The list extends further but there’s one common thread for all included: the summer of 2020 is looking less like the godsend public figures and “starved” sports fans pegged it to be with each passing day. Even as the nation’s top authority on infectious diseases, Dr. Anthony Fauci, outlined how sports could begin to return, the end seems further out of reach as we all may want.
Should the summer provide the right circumstances to get sports underway again, the fans who are missing them likely won’t be quick to return to the stands on the same timetable. A poll conducted by Seton Hall’s Stillman School of Business found that 72% of sports fans wouldn’t attend live sporting events before the creation of a viable coronavirus vaccine. With the prospects for a coronavirus vaccine not likely coming for at least a year, the stands would likely remain sparse to empty even after fans are allowed back into stadiums. And fears of a second wave of coronavirus cases in the fall and winter won’t settle those worries.
You can turn the sports scrying mirror any which way you want, but it is hard to see a future where the summer provides a salve to a sports climate on pause. The pandemic remains a fluid situation, meaning a solution could rise quicker than experts predict, but the more likely outcome is that reruns, eNASCAR and novelty competitions will fill out the sports menu for the foreseeable future.

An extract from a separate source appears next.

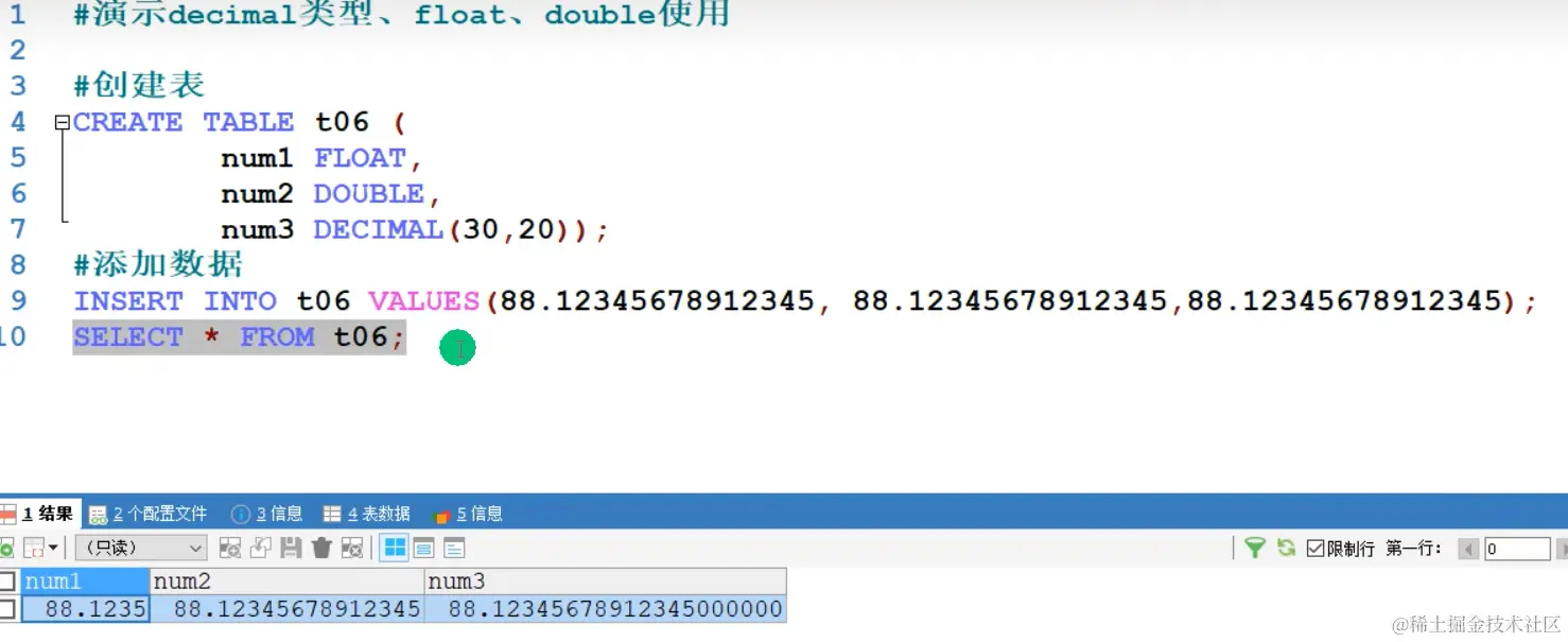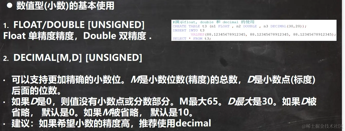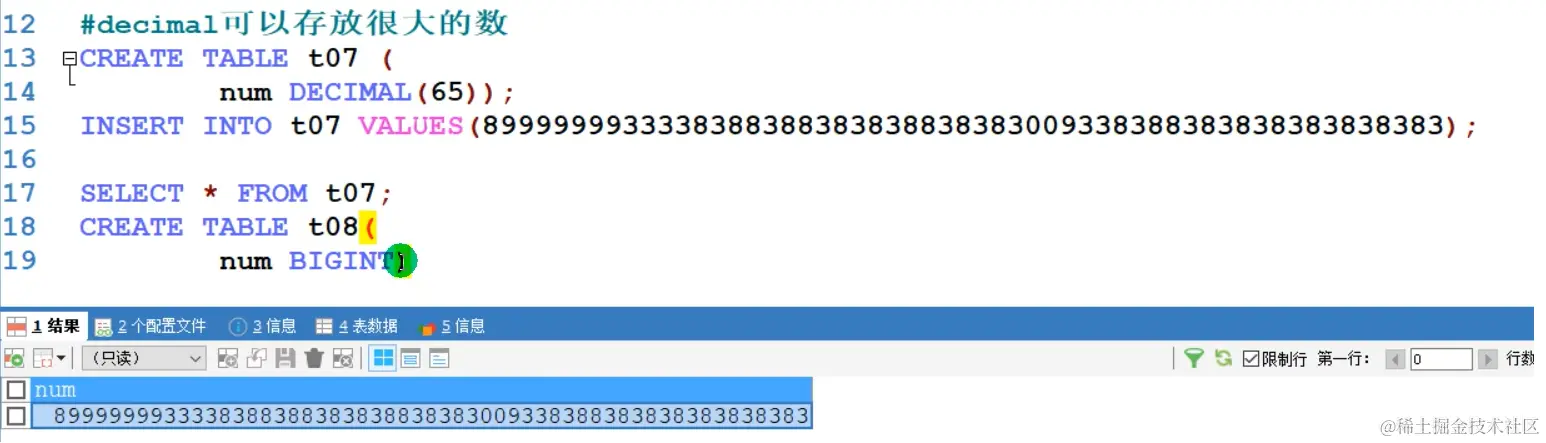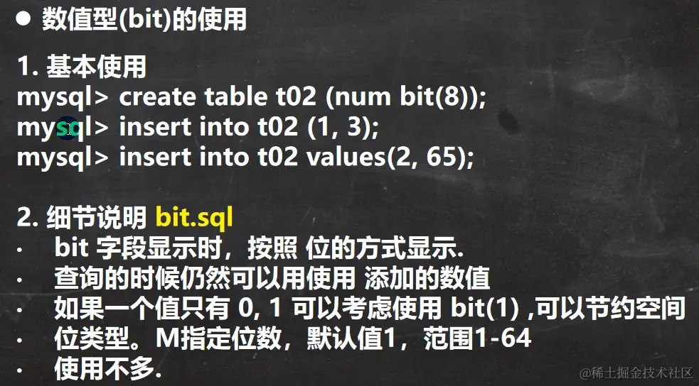MySQL常用数据类型(列类型)详解 ZWF 2022-08-13 71 阅读1分钟 1.数值型(整数)的基本使用 通常来讲,我们在选择这些数据类型这方面希望在能够满足需求的情况下,尽量选择占用空间小的类型 2.数值型(bit)的使用 3.数值型(小数)的基本使用 4.字符串的基本使用 值得注意的是varchar在使用时必须设置字符串长度 5.日期类型的基本使用

And that is OK. If it means that we continue to halter communal spread and ease our strained healthcare system and social programs, it is OK. Summer looks plenty appetizing but, if sports have taught us anything, you can’t rush something and expect it to be as great as it can be.
If that isn’t enough reason to ease the malaise of sports’ absence, maybe we need to shift our focus toward why a summer return is likely a bad idea. It’s hard to imagine a sports organization not taking a financial hit, large or small, as a result of this crisis, but people matter more. And people are hurting and worried about matters that carry much higher stakes than Sunday Night Baseball.
That is something that Dixon, who has been working on the front lines as an essential worker, knows firsthand. “I know that when we do get our chance, we will create fantastic art. We ain’t going nowhere… I ask one thing of you. Please be kind/kinder to essential workers during this time,” Dixon wrote. “They are scared and have emotions like us all. They need your patience and support… we are all in this together.”